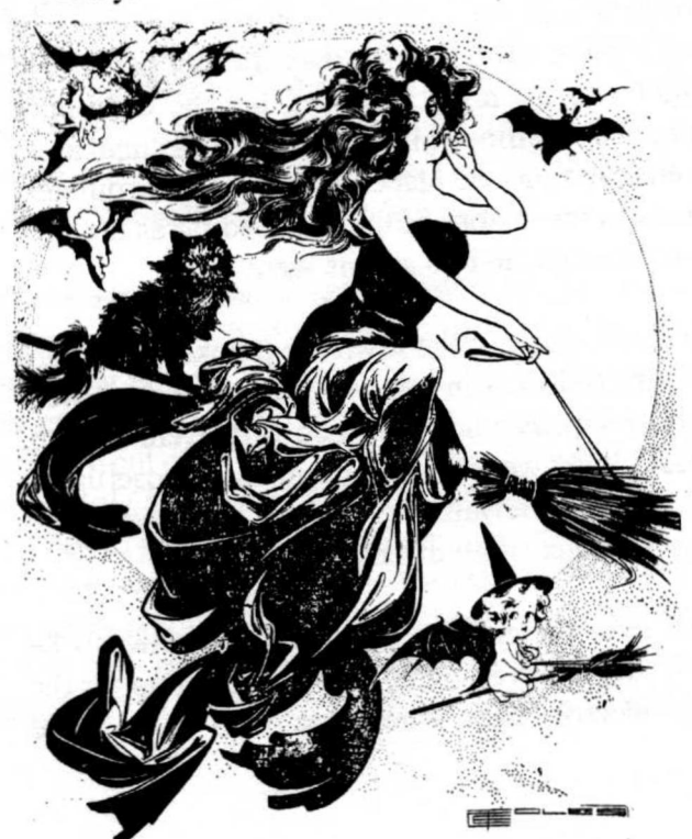
THE SPIRIT OF HALLOWE'EN

This illustration for the holiday appeared on the front page of the newspaper. "The Spirit of Halloween" has a resemblance to a young Elizabeth Taylor of acting fame much later in the 20<sup>th</sup> century.
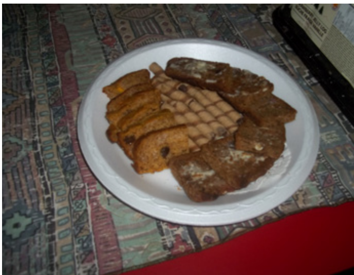
Cake & cinnamon sticks
####################
TO DO
With the pictures excluded, retype exactly the lines from the one containing "This illustration for" through the last line of the listing, both ends included.

COMPLETED TASK
This illustration for the holiday appeared on the front page of the newspaper. "The Spirit of Halloween" has a resemblance to a young Elizabeth Taylor of acting fame much later in the 20<sup>th</sup> century.
Cake & cinnamon sticks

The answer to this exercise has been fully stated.